What happened next happened very quickly. As the circle of dough left his hand, it was suddenly free of anything external pulling and pushing on it. It’s helpful to think about a single point on the edge. It’s traveling around in a circle, but only because the rest of the dough is stuck to it, pulling it inward. That inward pull is always necessary for something to rotate. In the case of the cyclist, the track is constantly pushing the bike from the outside, so that the cyclist must curve inward toward the center instead of continuing on a straight line. For the pizza dough, it’s a pull from the middle that makes the edge of the dough curve around toward the center. Either way, there has to be a force directed toward the middle of the spin. But dough is soft and elastic. If you pull on it, it stretches. The middle of the dough is pulling the edge inward, but that means there’s a pulling force across the dough. And so the dough has to stretch. When any solid object spins, the spinning generates forces inside it that you can’t see. The internal pull that’s keeping the pizza together is also stretching the dough, and the edge is getting farther and farther from the center. The brilliance of this for a pizza chef is that the internal pull is smooth and symmetrical. All of the pizza is spinning, so all of it stretches out away from the center.
You can feel these internal pulling forces yourself sometimes. If you hold a bag containing a reasonably heavy object out horizontally, and spin yourself around, you’ll feel a pull trying to stretch your arm. This is the inward pull that’s keeping the bag spinning in a circle.
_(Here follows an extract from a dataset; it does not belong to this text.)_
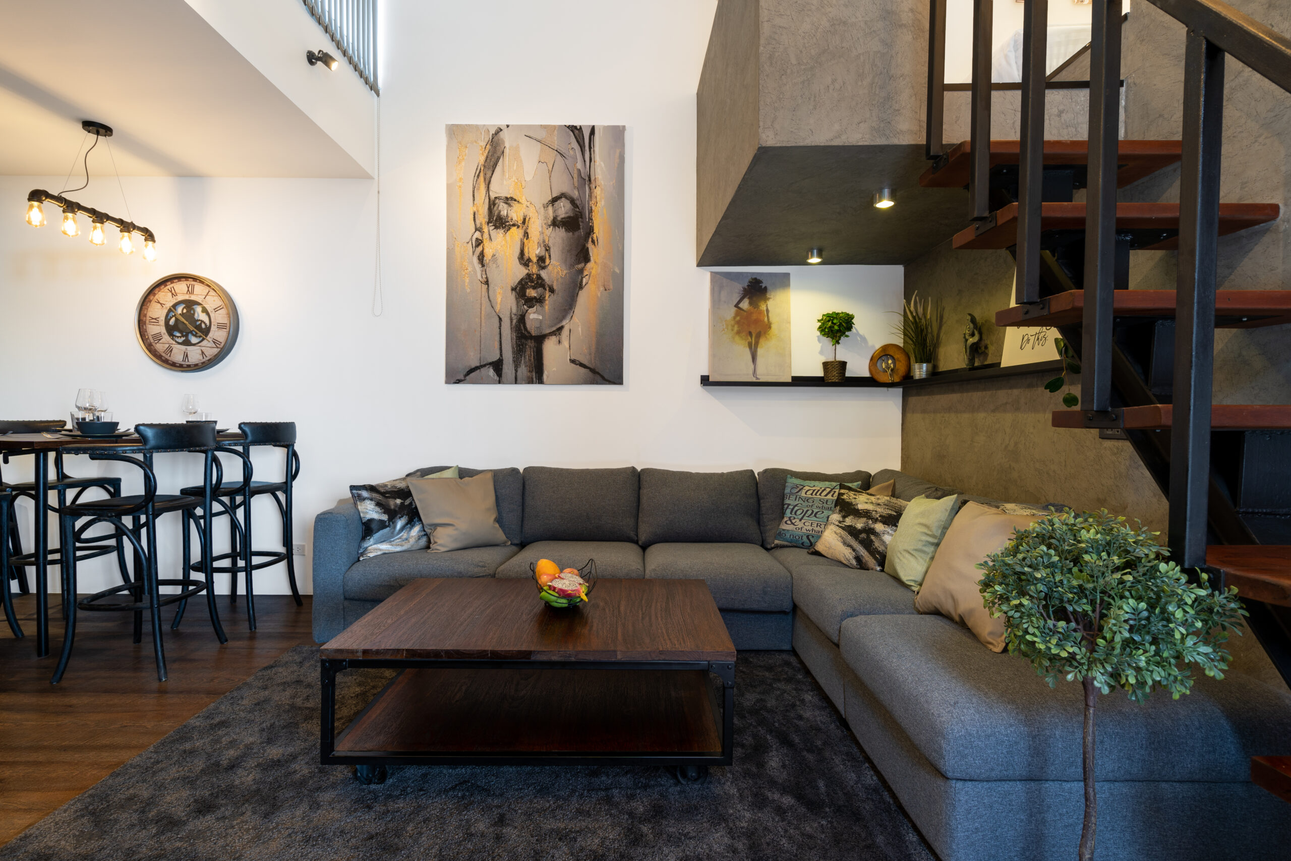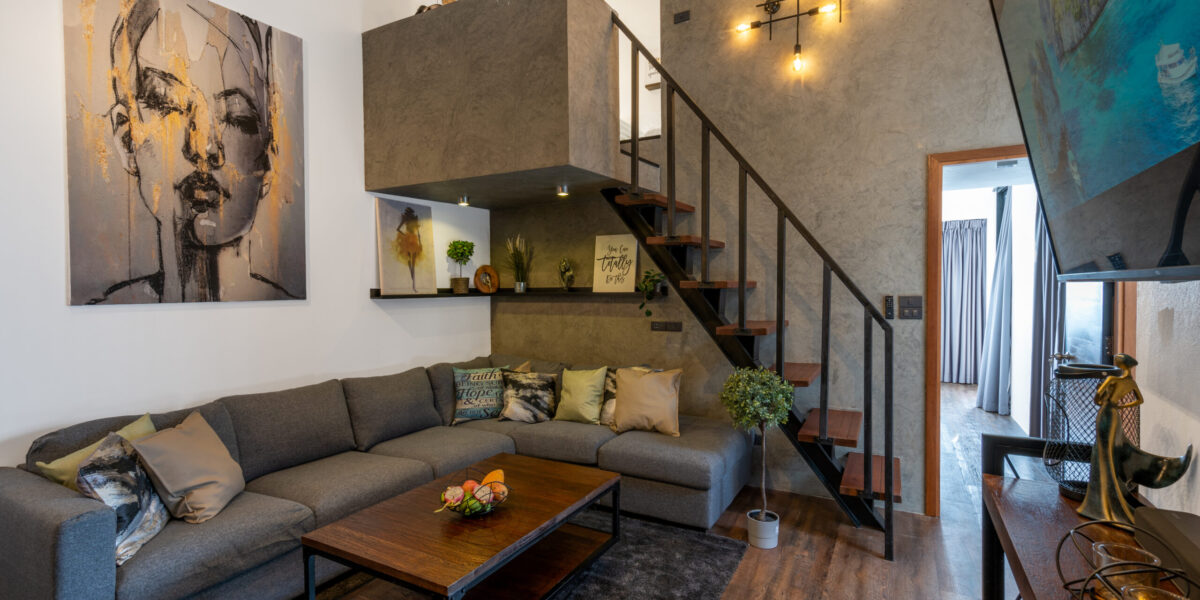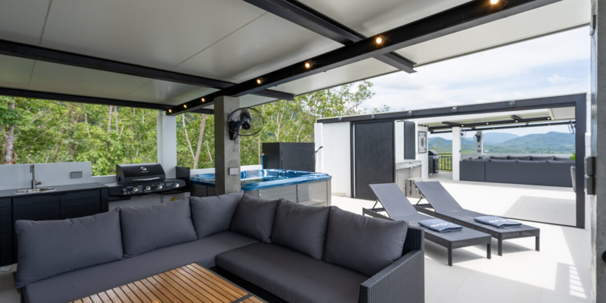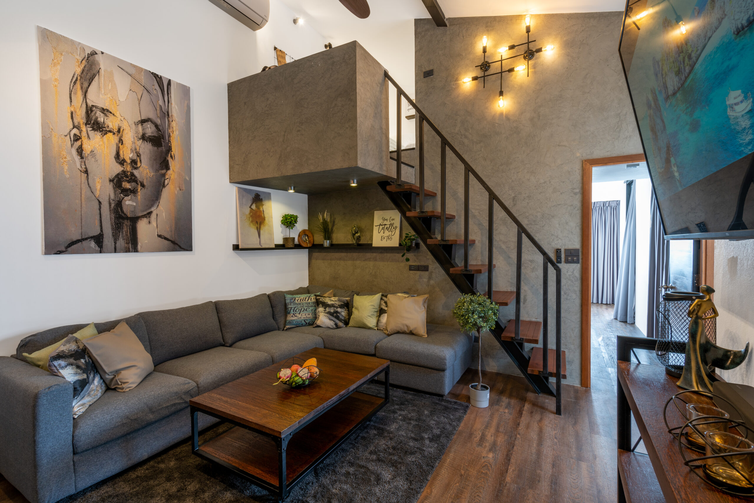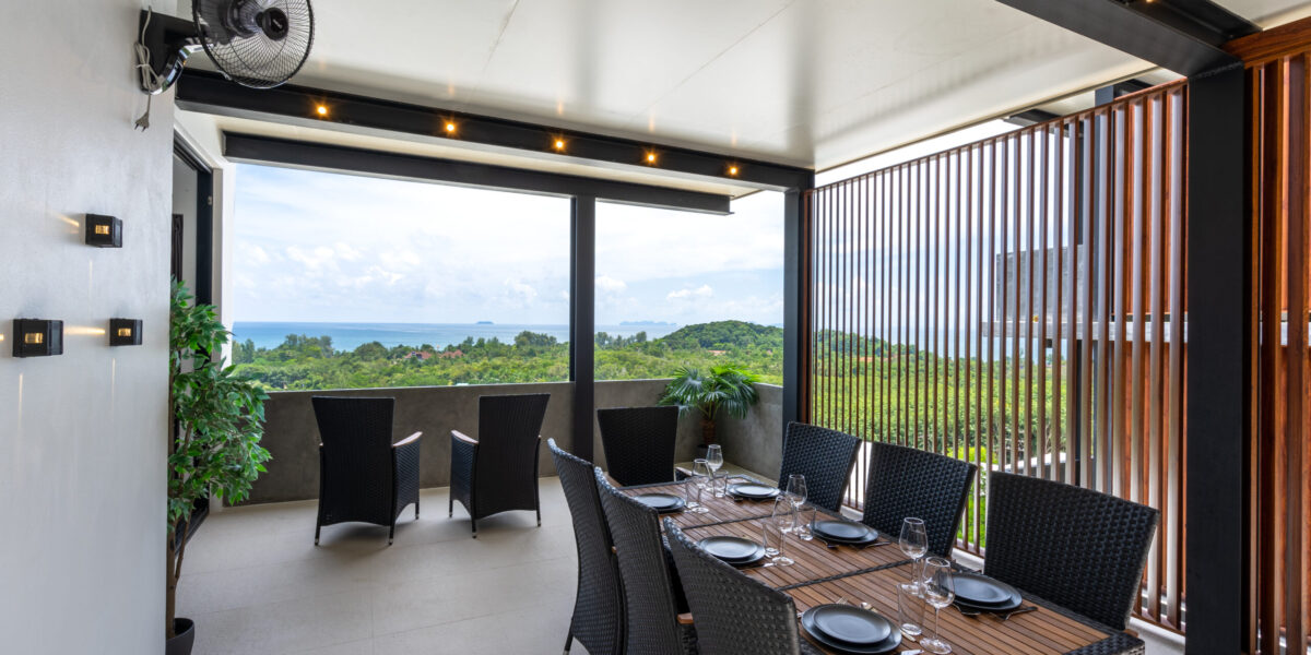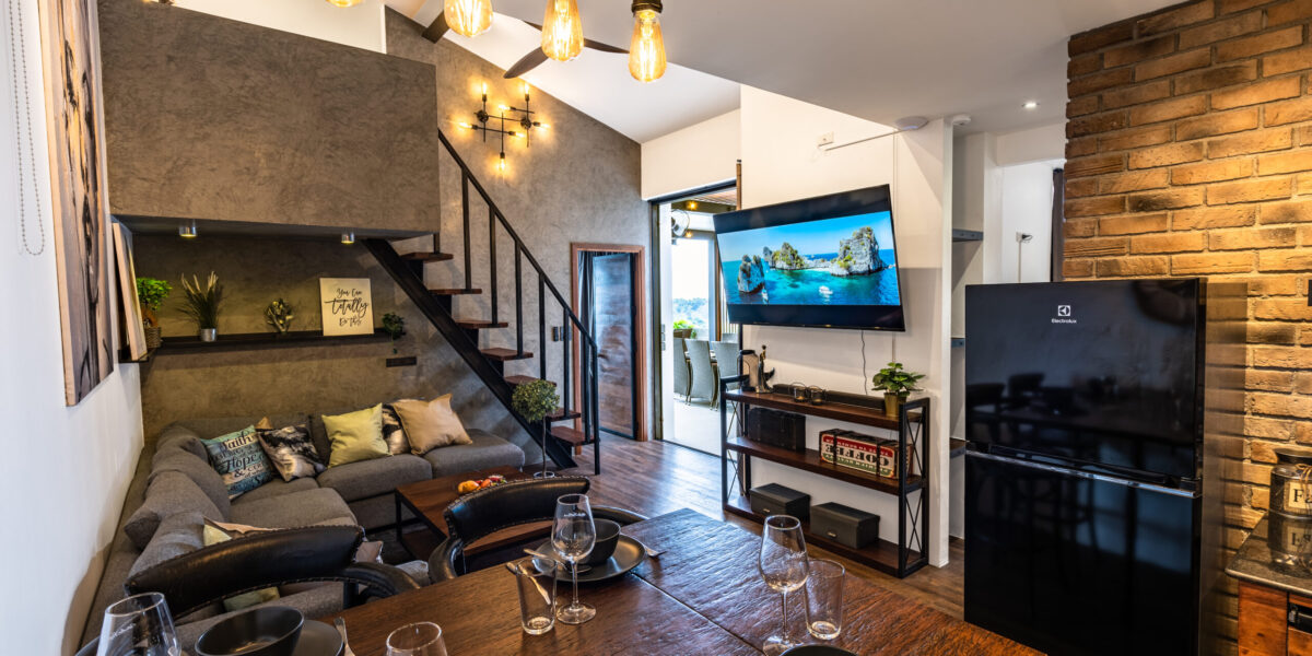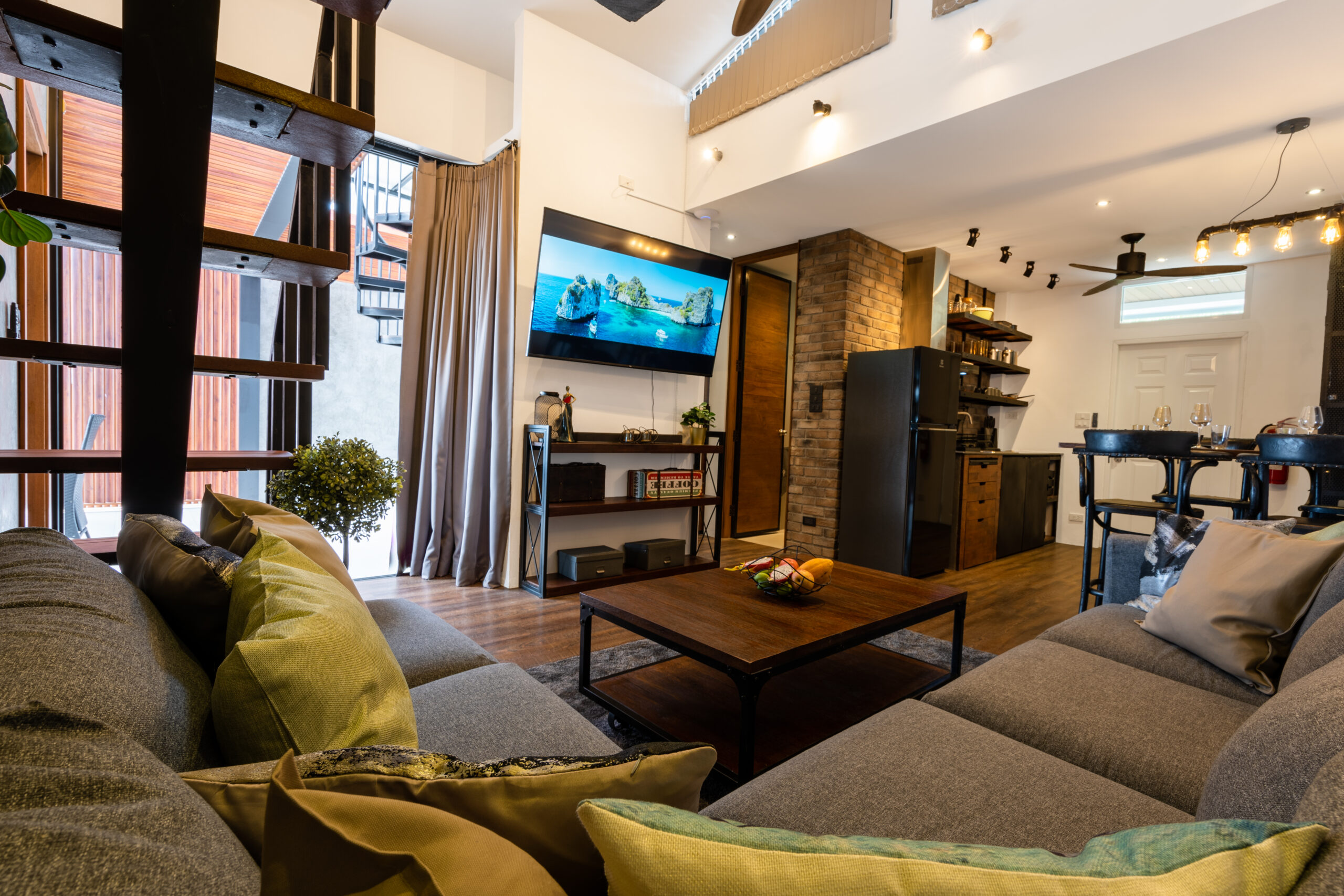 The living area is expansive, with high ceilings, a large sofa, air conditioning, a ceiling fan, and a 55-inch smart TV. It has direct access to the lower terrace, where you’ll find a comfortable outdoor dining area for 8 people, perfect for enjoying meals with a view.
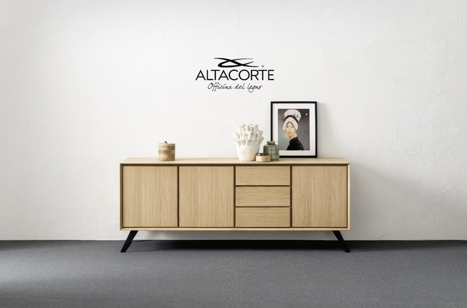 Un clásico del Estilo Altacorte. Un aparador con una estructura totalmente de madera de roble o nogal, realizada por las sabias manos de expertos artesanos. Una línea básica pero nunca trivial, que puede ser ulteriormente valorada por puertas particulares de hormigón.

Fortunately for you, your arm is much less stretchy than pizza dough, so it stays the same length. But the longer your arm and the faster you spin, the more of a pull you’ll feel.
So as the pizza dough was spinning in the air, the same pull that was keeping the edge moving around in a circle was gradually stretching the dough outward. I reckon the dough was in the air for less than a second, but it was a very thick pancake when it went up, and a beautiful thin smooth circle when it came down. The chef kept it spinning and sent it up again, but this time the internal pulling forces were so strong that the dough tore itself apart in the middle, and what came down was sad and raggedy. The chef grinned sheepishly. “That’s why we don’t normally do it,” he said. “The dough that makes the best pizza is too soft to spin, so we have to stretch it by hand on the board.” ? It turns out that the dough used in the acrobatic competitions is made using a special recipe so that it’s stretchy and strong, but doesn’t necessarily produce the cooked pizza with the best texture. Right at the edge of a pizza, the internal pulling force could be five to ten times as strong as gravity, which is why the pizza base stretches much more quickly when you spin it than it does if you just hold it up and let it droop under its own weight.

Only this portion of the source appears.